= Exercise requirements =
Below, locate the line that contains "Secado Estático (Pixie". Repeat exactly from that line to the line that contains "This day meant", inclusive, leaving out the pictures.

= Source data =
* * *

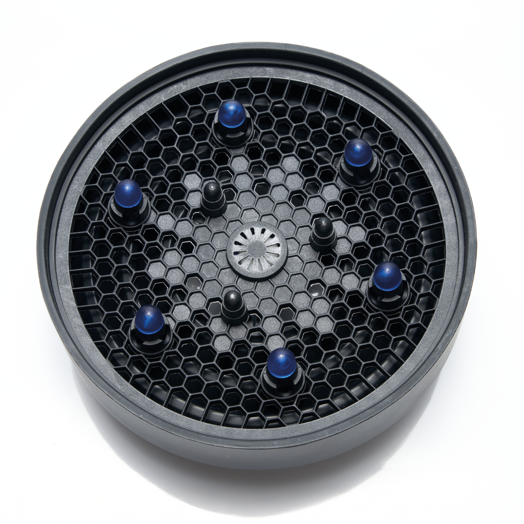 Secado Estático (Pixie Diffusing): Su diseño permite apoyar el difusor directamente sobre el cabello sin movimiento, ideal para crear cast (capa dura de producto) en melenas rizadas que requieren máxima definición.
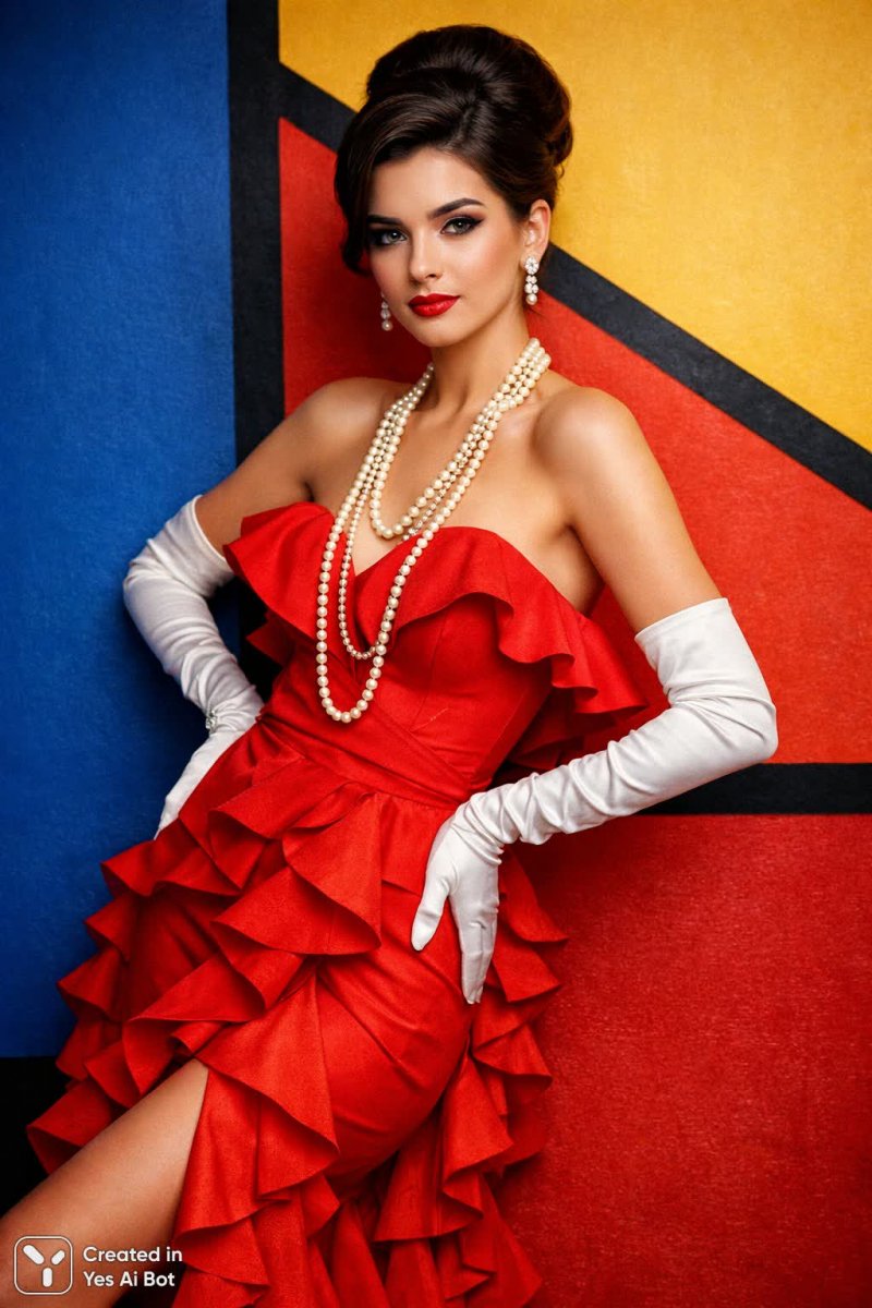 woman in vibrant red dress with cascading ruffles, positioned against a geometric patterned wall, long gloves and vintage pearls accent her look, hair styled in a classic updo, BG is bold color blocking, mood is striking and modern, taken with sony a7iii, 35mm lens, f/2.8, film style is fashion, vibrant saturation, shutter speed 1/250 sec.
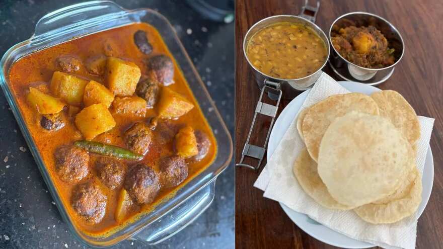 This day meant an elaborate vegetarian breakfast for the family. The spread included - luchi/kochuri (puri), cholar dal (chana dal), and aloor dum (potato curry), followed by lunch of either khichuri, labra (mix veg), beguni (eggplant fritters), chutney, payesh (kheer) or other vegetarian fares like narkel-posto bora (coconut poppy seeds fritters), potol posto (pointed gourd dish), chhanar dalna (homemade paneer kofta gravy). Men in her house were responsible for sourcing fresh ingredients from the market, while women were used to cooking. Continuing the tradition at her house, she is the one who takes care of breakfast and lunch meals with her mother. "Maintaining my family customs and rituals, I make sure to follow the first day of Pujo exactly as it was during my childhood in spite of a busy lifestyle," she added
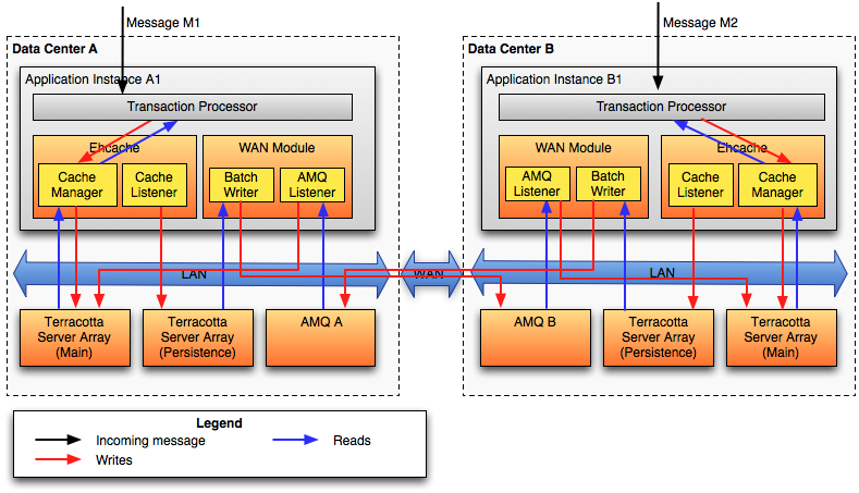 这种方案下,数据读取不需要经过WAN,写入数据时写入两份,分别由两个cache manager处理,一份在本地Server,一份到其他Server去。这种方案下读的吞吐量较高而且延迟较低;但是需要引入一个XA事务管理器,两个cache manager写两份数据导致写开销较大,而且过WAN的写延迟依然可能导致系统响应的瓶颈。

* * *

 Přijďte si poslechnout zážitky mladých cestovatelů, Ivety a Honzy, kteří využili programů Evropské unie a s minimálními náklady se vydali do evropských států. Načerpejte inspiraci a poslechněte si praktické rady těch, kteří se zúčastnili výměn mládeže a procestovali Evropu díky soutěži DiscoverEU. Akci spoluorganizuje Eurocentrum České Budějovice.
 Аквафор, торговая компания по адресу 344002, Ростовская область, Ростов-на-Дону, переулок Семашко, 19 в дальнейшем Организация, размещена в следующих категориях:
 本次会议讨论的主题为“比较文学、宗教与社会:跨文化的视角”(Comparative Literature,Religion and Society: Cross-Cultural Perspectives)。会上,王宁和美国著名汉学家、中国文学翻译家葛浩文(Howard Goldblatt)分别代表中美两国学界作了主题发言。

* * *

= Result of this exercise =
 Secado Estático (Pixie Diffusing): Su diseño permite apoyar el difusor directamente sobre el cabello sin movimiento, ideal para crear cast (capa dura de producto) en melenas rizadas que requieren máxima definición.
 woman in vibrant red dress with cascading ruffles, positioned against a geometric patterned wall, long gloves and vintage pearls accent her look, hair styled in a classic updo, BG is bold color blocking, mood is striking and modern, taken with sony a7iii, 35mm lens, f/2.8, film style is fashion, vibrant saturation, shutter speed 1/250 sec.
 This day meant an elaborate vegetarian breakfast for the family. The spread included - luchi/kochuri (puri), cholar dal (chana dal), and aloor dum (potato curry), followed by lunch of either khichuri, labra (mix veg), beguni (eggplant fritters), chutney, payesh (kheer) or other vegetarian fares like narkel-posto bora (coconut poppy seeds fritters), potol posto (pointed gourd dish), chhanar dalna (homemade paneer kofta gravy). Men in her house were responsible for sourcing fresh ingredients from the market, while women were used to cooking. Continuing the tradition at her house, she is the one who takes care of breakfast and lunch meals with her mother. "Maintaining my family customs and rituals, I make sure to follow the first day of Pujo exactly as it was during my childhood in spite of a busy lifestyle," she added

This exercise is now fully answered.